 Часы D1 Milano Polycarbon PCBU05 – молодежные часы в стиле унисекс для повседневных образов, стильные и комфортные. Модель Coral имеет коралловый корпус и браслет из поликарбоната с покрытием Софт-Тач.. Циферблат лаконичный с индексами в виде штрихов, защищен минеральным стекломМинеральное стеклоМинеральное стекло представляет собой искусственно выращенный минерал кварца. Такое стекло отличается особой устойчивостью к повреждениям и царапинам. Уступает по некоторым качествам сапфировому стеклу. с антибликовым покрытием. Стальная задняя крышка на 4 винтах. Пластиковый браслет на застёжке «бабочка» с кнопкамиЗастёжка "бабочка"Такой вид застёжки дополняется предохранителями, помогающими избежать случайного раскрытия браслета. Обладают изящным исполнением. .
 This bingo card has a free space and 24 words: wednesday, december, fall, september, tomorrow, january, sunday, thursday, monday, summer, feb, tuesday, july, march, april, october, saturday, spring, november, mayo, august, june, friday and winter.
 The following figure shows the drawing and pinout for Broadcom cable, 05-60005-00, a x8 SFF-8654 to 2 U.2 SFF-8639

════════════════════

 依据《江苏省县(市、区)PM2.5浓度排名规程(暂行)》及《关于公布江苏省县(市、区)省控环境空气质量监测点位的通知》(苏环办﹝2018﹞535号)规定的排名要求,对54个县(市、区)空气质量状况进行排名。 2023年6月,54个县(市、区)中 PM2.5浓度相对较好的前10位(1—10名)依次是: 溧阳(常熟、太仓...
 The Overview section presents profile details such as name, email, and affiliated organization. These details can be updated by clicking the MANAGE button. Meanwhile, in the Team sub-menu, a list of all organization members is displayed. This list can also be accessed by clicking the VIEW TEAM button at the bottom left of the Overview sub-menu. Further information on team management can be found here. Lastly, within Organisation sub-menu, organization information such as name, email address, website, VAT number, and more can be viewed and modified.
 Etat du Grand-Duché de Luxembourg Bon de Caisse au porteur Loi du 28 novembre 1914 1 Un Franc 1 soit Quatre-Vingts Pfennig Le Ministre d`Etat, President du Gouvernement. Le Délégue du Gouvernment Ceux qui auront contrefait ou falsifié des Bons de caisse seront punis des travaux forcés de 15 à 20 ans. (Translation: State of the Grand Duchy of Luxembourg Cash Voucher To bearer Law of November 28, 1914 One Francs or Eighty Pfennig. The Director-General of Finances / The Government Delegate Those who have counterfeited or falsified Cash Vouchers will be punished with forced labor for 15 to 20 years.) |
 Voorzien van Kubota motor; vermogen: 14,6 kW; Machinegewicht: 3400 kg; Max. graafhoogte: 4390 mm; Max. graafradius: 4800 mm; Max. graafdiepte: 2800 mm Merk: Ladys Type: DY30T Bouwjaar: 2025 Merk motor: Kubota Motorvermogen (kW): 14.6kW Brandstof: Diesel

════════════════════

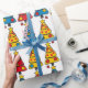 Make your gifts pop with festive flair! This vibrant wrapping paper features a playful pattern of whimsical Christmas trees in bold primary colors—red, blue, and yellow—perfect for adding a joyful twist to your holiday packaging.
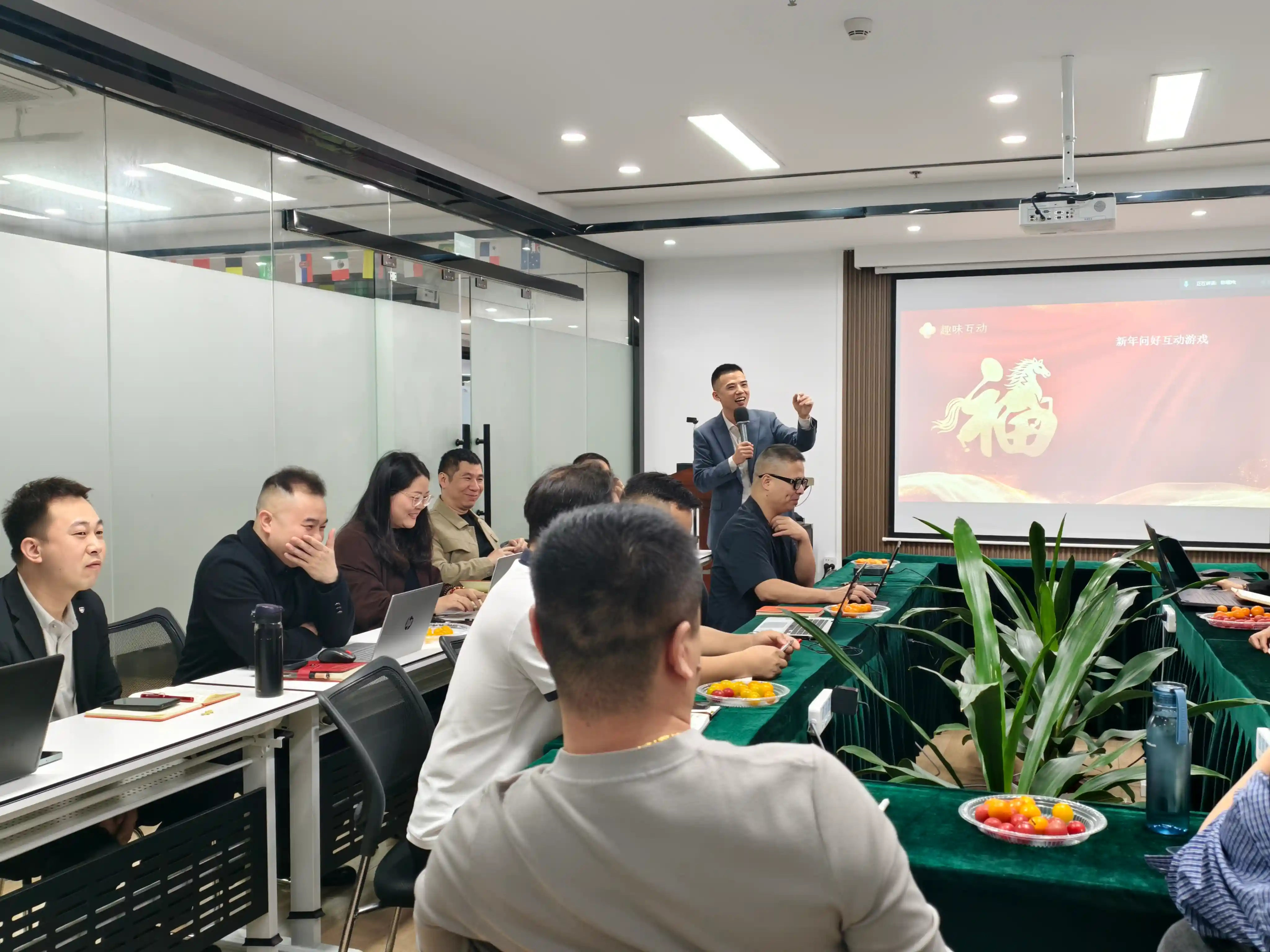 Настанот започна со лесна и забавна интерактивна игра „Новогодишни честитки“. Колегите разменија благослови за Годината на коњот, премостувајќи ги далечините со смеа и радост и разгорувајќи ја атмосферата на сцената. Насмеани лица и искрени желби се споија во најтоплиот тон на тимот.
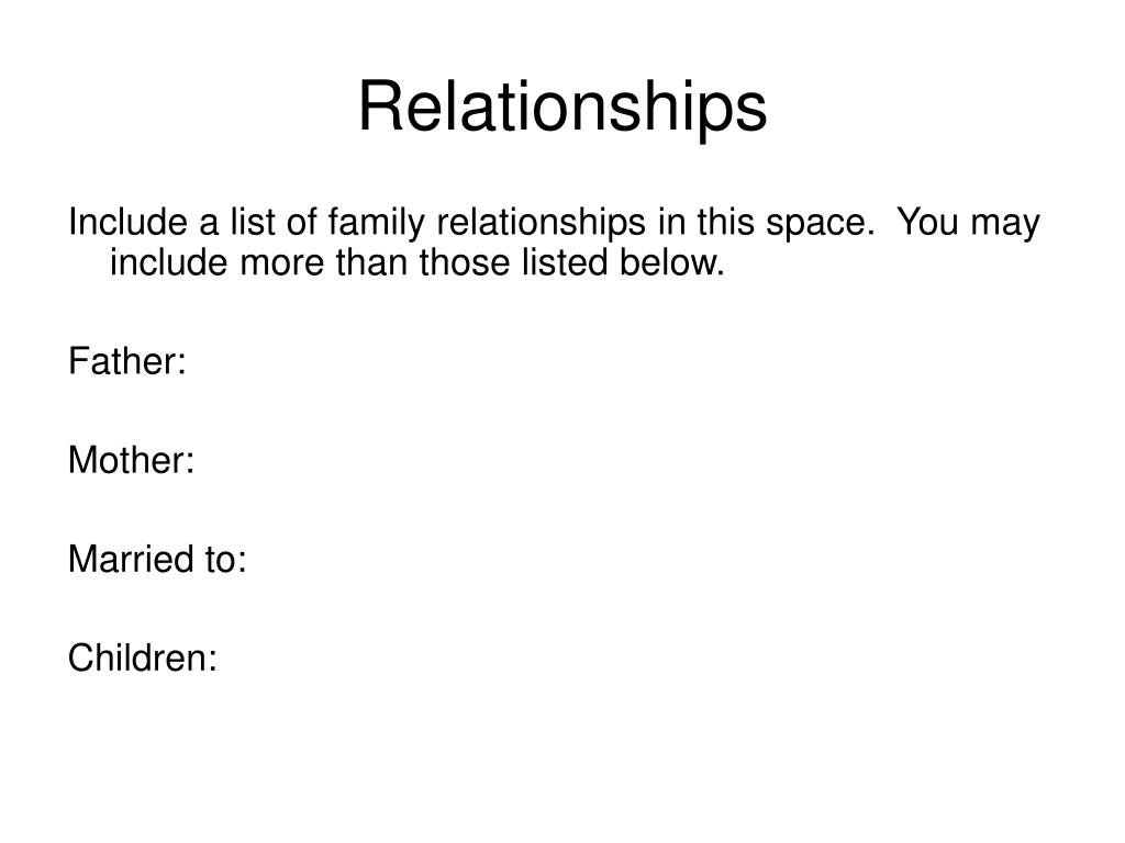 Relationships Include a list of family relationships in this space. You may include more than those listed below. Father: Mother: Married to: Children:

════════════════════

(TASK GOAL) Only one stretch of the records above is wanted: the lines between the one holding "Etat du Grand-Duché" and the one holding "Voorzien van Kubota", inclusive, reproduced exactly.

(OUTPUT OF THE TASK)
 Etat du Grand-Duché de Luxembourg Bon de Caisse au porteur Loi du 28 novembre 1914 1 Un Franc 1 soit Quatre-Vingts Pfennig Le Ministre d`Etat, President du Gouvernement. Le Délégue du Gouvernment Ceux qui auront contrefait ou falsifié des Bons de caisse seront punis des travaux forcés de 15 à 20 ans. (Translation: State of the Grand Duchy of Luxembourg Cash Voucher To bearer Law of November 28, 1914 One Francs or Eighty Pfennig. The Director-General of Finances / The Government Delegate Those who have counterfeited or falsified Cash Vouchers will be punished with forced labor for 15 to 20 years.) |
 Voorzien van Kubota motor; vermogen: 14,6 kW; Machinegewicht: 3400 kg; Max. graafhoogte: 4390 mm; Max. graafradius: 4800 mm; Max. graafdiepte: 2800 mm Merk: Ladys Type: DY30T Bouwjaar: 2025 Merk motor: Kubota Motorvermogen (kW): 14.6kW Brandstof: Diesel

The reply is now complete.